New Delhi, April 06: First it was gobar gas ( biogas generated from cow dung) that revolutionised renewable energy in rural India. Now it is the turn to harness urine.
The pee, that raises quite a stink, is going to undergo a sea change thanks to the efforts of a scientist from the Delhi Indian Institute of Technology ( IIT).
Scientists believe that urine smells when it gets oxidised.
The idea is to trap the urine and, with it, the smell.
V. M. Chariar, from IIT’s centre for rural development and technology, has built a waterless urinal, and a system to remove the stench and use urine as a fertiliser.
He has come up with a technology called Zerodor which prevents urine from coming in contact with air. He has already patented the technology.

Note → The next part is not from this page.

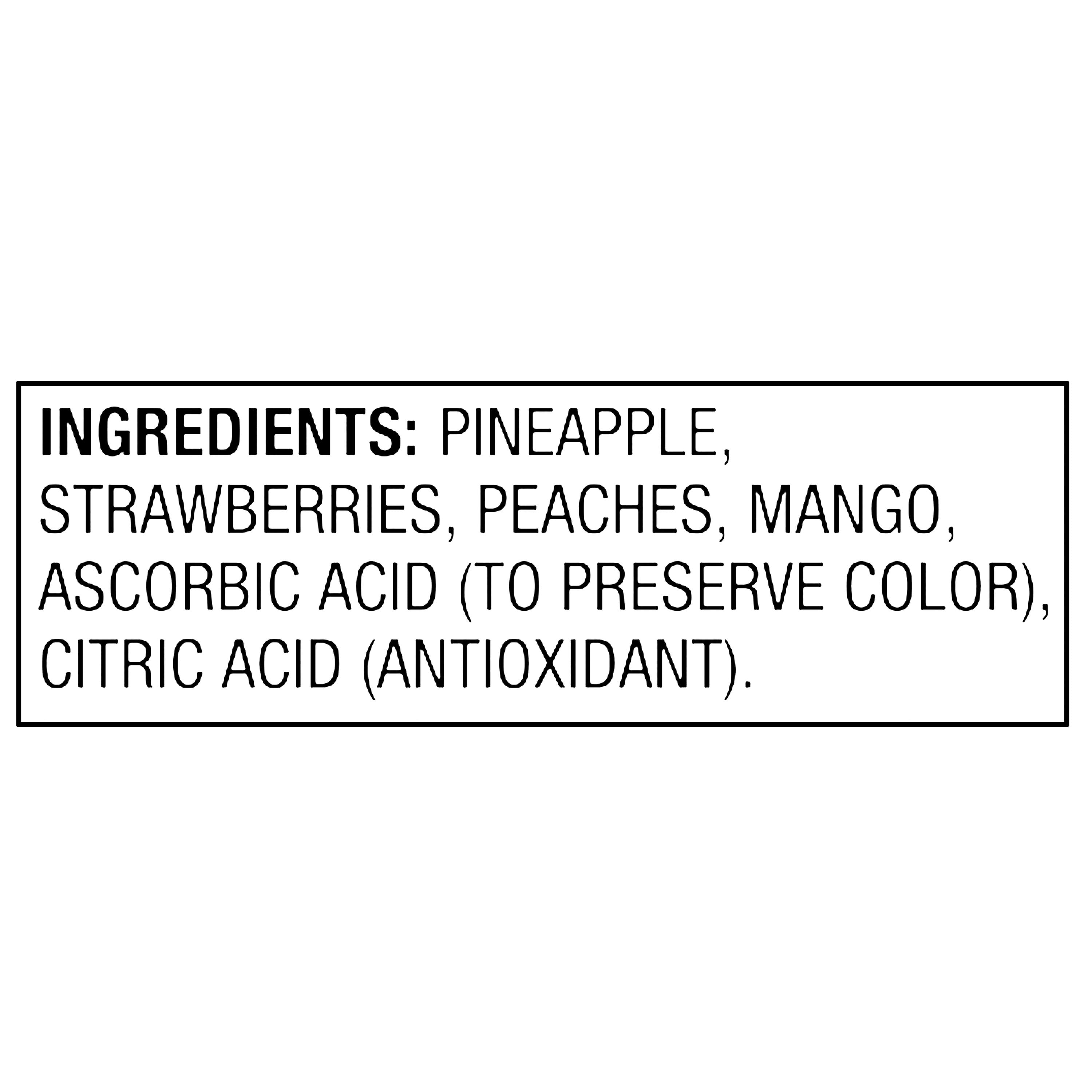 Great Value Mixed Fruit is your go-to mix for a refreshing treat. Perfect on a warm summer day, this mix of cut pineapple, strawberries, peaches, and mango can be made into a lovely punch to enjoy poolside with the family, or can be blended with ice into a delightful smoothie to sip on as you venture out for a fun walk through town. High in vitamin C, this four-pound box of vibrant fruits makes for a wonderful snack that helps keep you focused and on your toes. With 13 servings per container, the Great Value Mixed Fruit is your number one choice in a delectable treat to serve up to your family and friends.

“ We are getting requests from South Africa and the US for our design,” Chariar said.
Three to 15 litres of water is used on a single flush. Chariar believes around 50,000 to one lakh litres of water can be saved in a year by one waterless urinal.
There are plans to install 1,000 such waterless urinals across Delhi. Fifty are already in use while their number will increase to 250 in another 10 days, said a Municipal Corporation of Delhi ( MCD) official.

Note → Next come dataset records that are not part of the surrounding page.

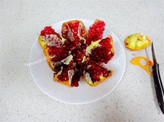 5很容易就能取出石榴籽,可以用勺子舀着吃非常带劲。
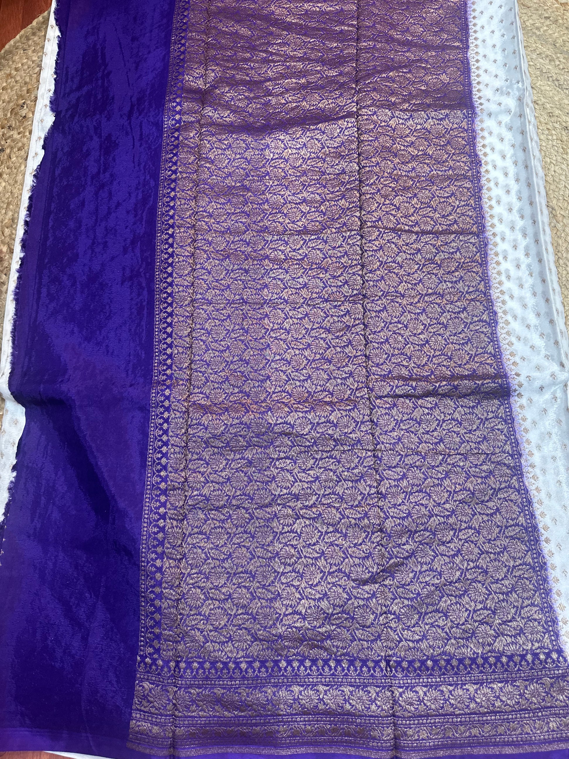 Purple and white crepe chiffon sarees
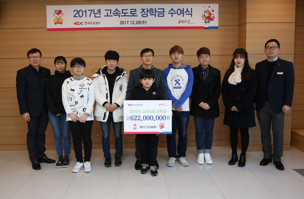 | 한국도로공사(사장 이강래)는 20일 고속도로 교통사고 가정의 청소년 218명에게 모두 6억2천2백만원의 ‘고속도로 장학금’을 전달했다고 밝혔다. 지난해 4억2백만원보다 55% 증가한 금액이다.

The Delhi government has floated a tender for maintaining the 1,000 urinals. Each urinal will be set up at a cost of Rs 4 lakh. In the long run, all water consuming urinals could be replaced by waterless ones, the official added.
“ We are exploring how it ( urine) can be best used. A scientist from the University of California has proposed to make electricity out of urine,” the official said.
Two waterless urinal kiosks are in operation at IIT Delhi.
Urine from them is being harvested.
In one, urine is discharged directly into a horticultural bed on the campus, while urine from the other is used on a fiveacre plantation.
Chariar, along with a Swiss institute, has also perfected a technology to extract a fertiliser — magnesium ammonium phosphate, or struvite — from urine.
He has put up a reactor for the purpose on the IIT campus.
He now plans to work with the Delhi Parks and Gardens Society and the MCD to use the technology.